Pojęcie information bottleneck (wąskie gardło informacyjne) to teoretyczna metoda wywodząca się z teorii informacji, stosowana w uczeniu maszynowym. Jej celem jest znalezienie zwartej reprezentacji zmiennej wejściowej, która zachowuje maksymalną ilość istotnych informacji niezbędnych do przewidywania zmiennej wyjściowej, usuwając jednocześnie dane nieistotne.
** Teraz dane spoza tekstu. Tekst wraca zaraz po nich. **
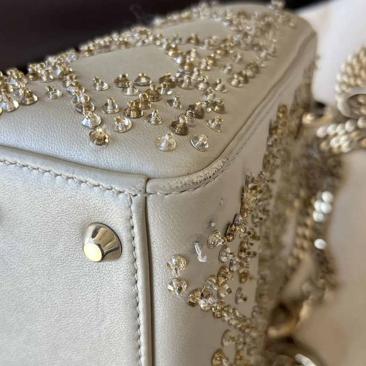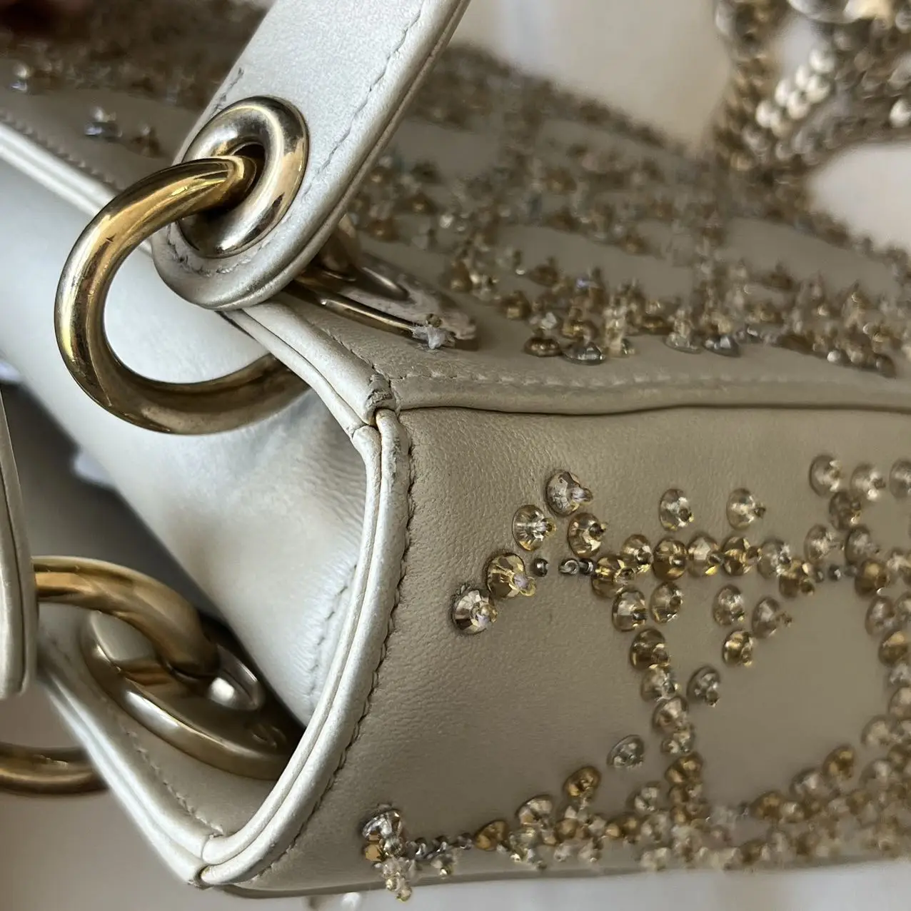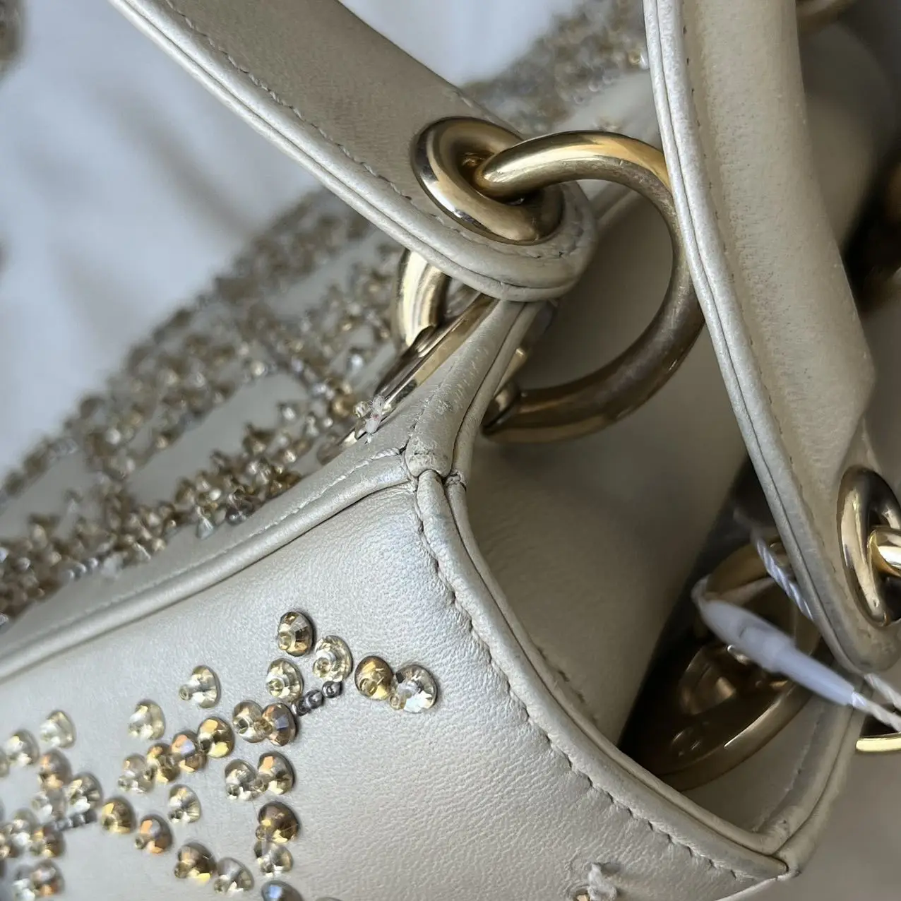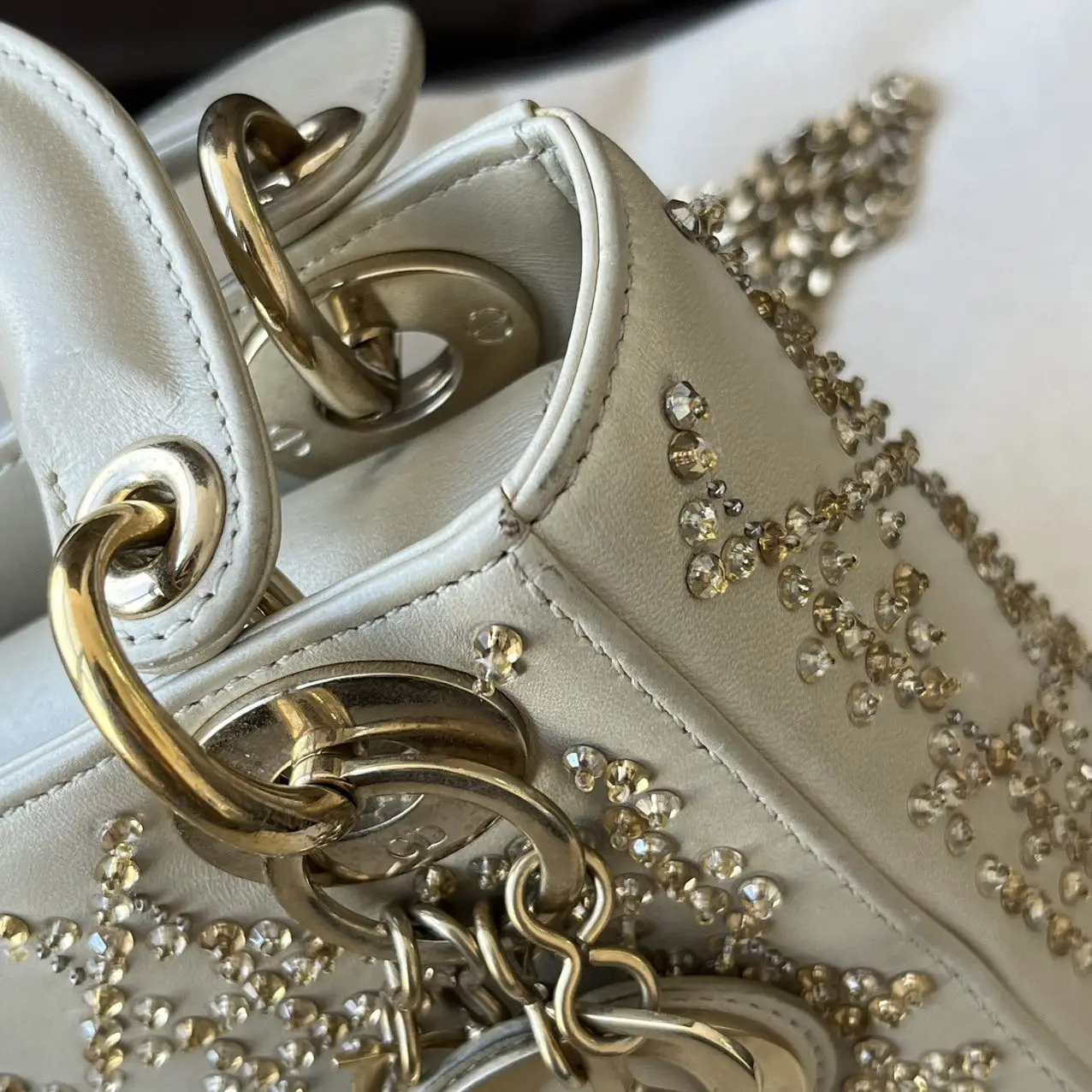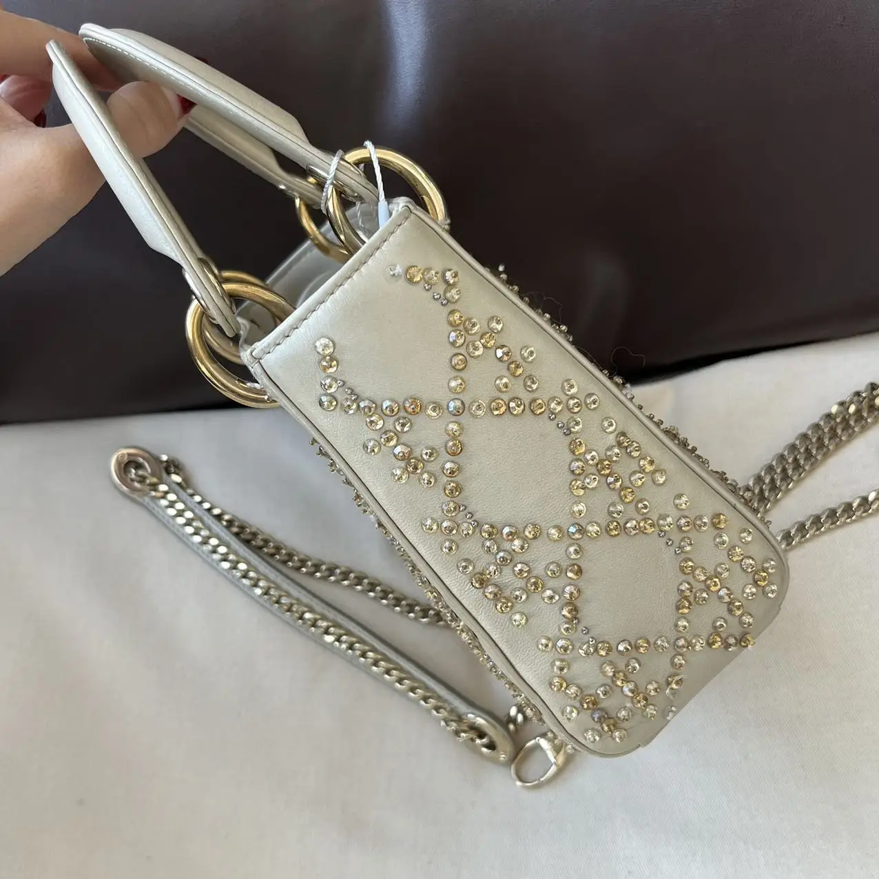 The DIOR Mini Lady Dior Bag in gold calfskin leather with crystals and gold-tone hardware is a dazzling statement of opulence, where the luminous metallic leather and sparkling crystal accents elevate the iconic Cannage quilting into a celebratory and radiant symbol of luxury.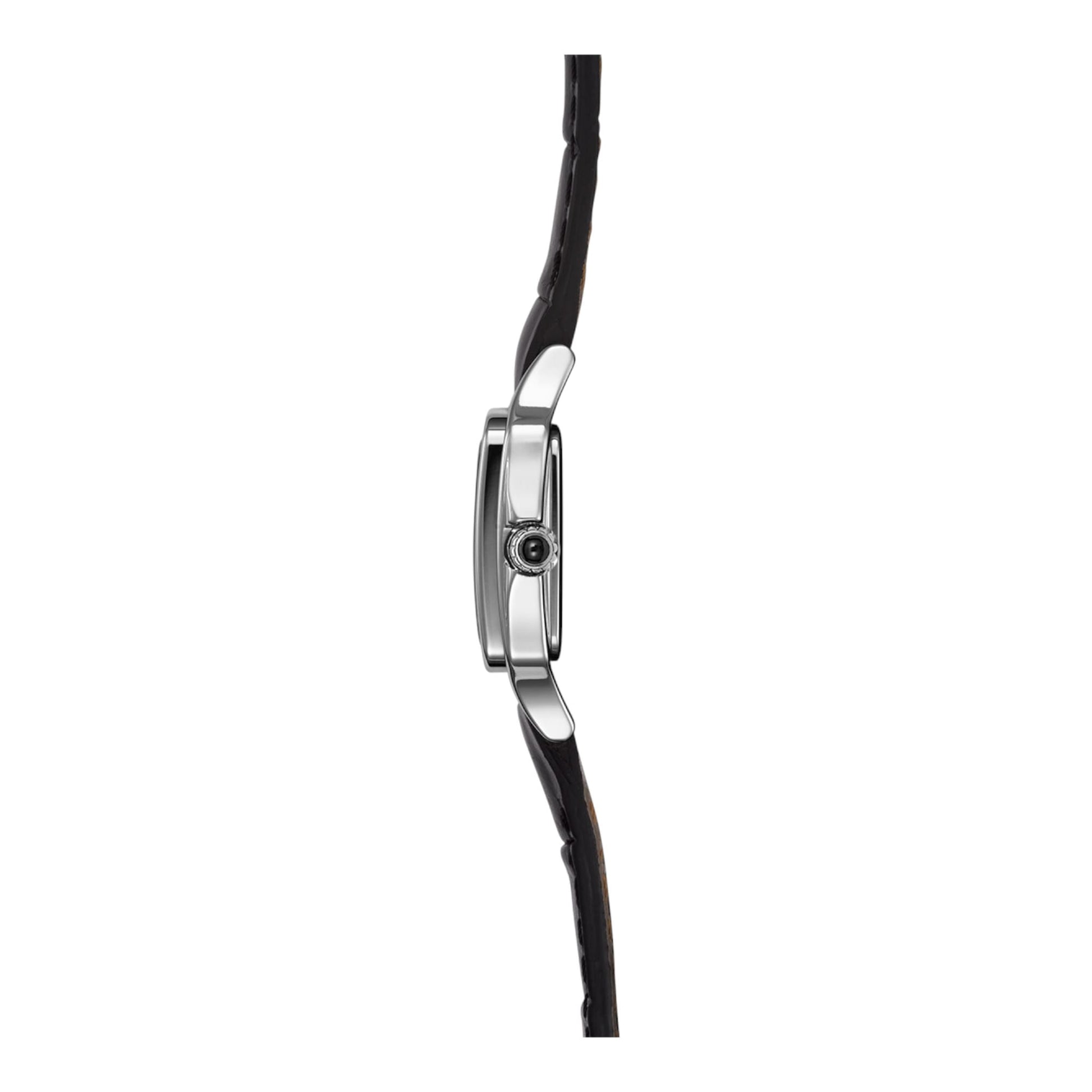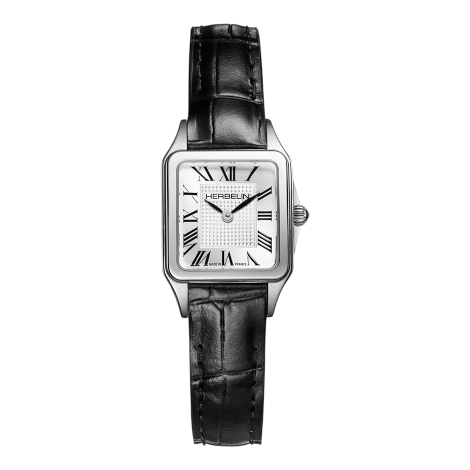 Herbelin LUNA Mini Quartz – L’élégance discrète au fémininLa montre Herbelin LUNA Mini Quartz Acier & Cuir Noir incarne l’essence même de la sophistication discrète. Pensée pour les femmes qui recherchent la subtilité dans le détail, elle allie le raffinement classique à une modernité intemporelle. Un design mini, une allure maxiSon boîtier rectangulaire en acier inoxydable, d’une finesse remarquable de 6,75 mm, abrite un cadran argenté aux finitions précieuses : un centre orné d’un motif guilloché clous de Paris et un pourtour aux reflets soleillés. Les chiffres romains finement dessinés et les aiguilles en forme de feuille soulignent le caractère délicatement classique de cette pièce horlogère. Fiabilité suisse et confort raffinéÉquipée d’un mouvement à quartz suisse, la Luna Mini garantit une précision fiable au quotidien. Son bracelet en cuir noir lisse, souple et élégant, épouse le poignet avec légèreté. Protégée par un verre saphir inrayable et dotée d’une étanchéité jusqu’à 50 mètres, elle conjugue esthétique, confort et durabilité. Une montre pour les femmes exigeantesIdéale pour les poignets fins, la Herbelin Luna Mini s’adresse à celles qui privilégient le style épuré et la qualité horlogère. Elle ne cherche pas à éblouir, mais à captiver par sa présence discrète et sa beauté subtile. Découvrez toute la collection LUNA sur Vogtime et explorez des modèles aussi raffinés qu’intemporels, créés pour celles qui vivent l’élégance avec naturel. |

Podejście to różni się od klasycznej kompresji czy ekstrakcji cech, ponieważ skupia się wyłącznie na relewantności informacji dla danego zadania.

Przykłady zastosowań i scenariusze użycia

Paradgimat information bottleneck wykorzystywany jest do projektowania i analizy modeli deep learning, szczególnie głębokich sieci neuronowych, gdzie pomaga wyjaśnić generalizację i odporność modeli. Znajduje też zastosowanie w kompresji danych, redukcji wymiarowości czy niektórych algorytmach klasteryzacji. Przykładowo, w przetwarzaniu języka naturalnego pozwala na filtrowanie nieistotnych informacji w reprezentacjach wektorowych.

Główne narzędzia programistyczne, biblioteki i frameworki

Do implementacji IB wykorzystuje się głównie TensorFlow (szczególnie bibliotekę tensorflow-compression), PyTorch (z otwartoźródłowymi implementacjami IB) oraz wyspecjalizowane biblioteki jak Information Bottleneck Toolbox czy moduły Pythona do teorii informacji.

Najważniejsze nowości, ewolucje i trendy

Obecne badania skupiają się na wdrażaniu IB w różnych architekturach (transformery, sieci konwolucyjne) oraz optymalizacji procesu uczenia w celu zwiększenia odporności na szum i ataki typu adversarial. Metody takie jak Variational Information Bottleneck (VIB) umożliwiają różniczkowalne włączenie IB do głębokich modeli. Ramy IB są też wykorzystywane do wyjaśniania zachowań dużych modeli foundation oraz projektowania bardziej wydajnych sieci.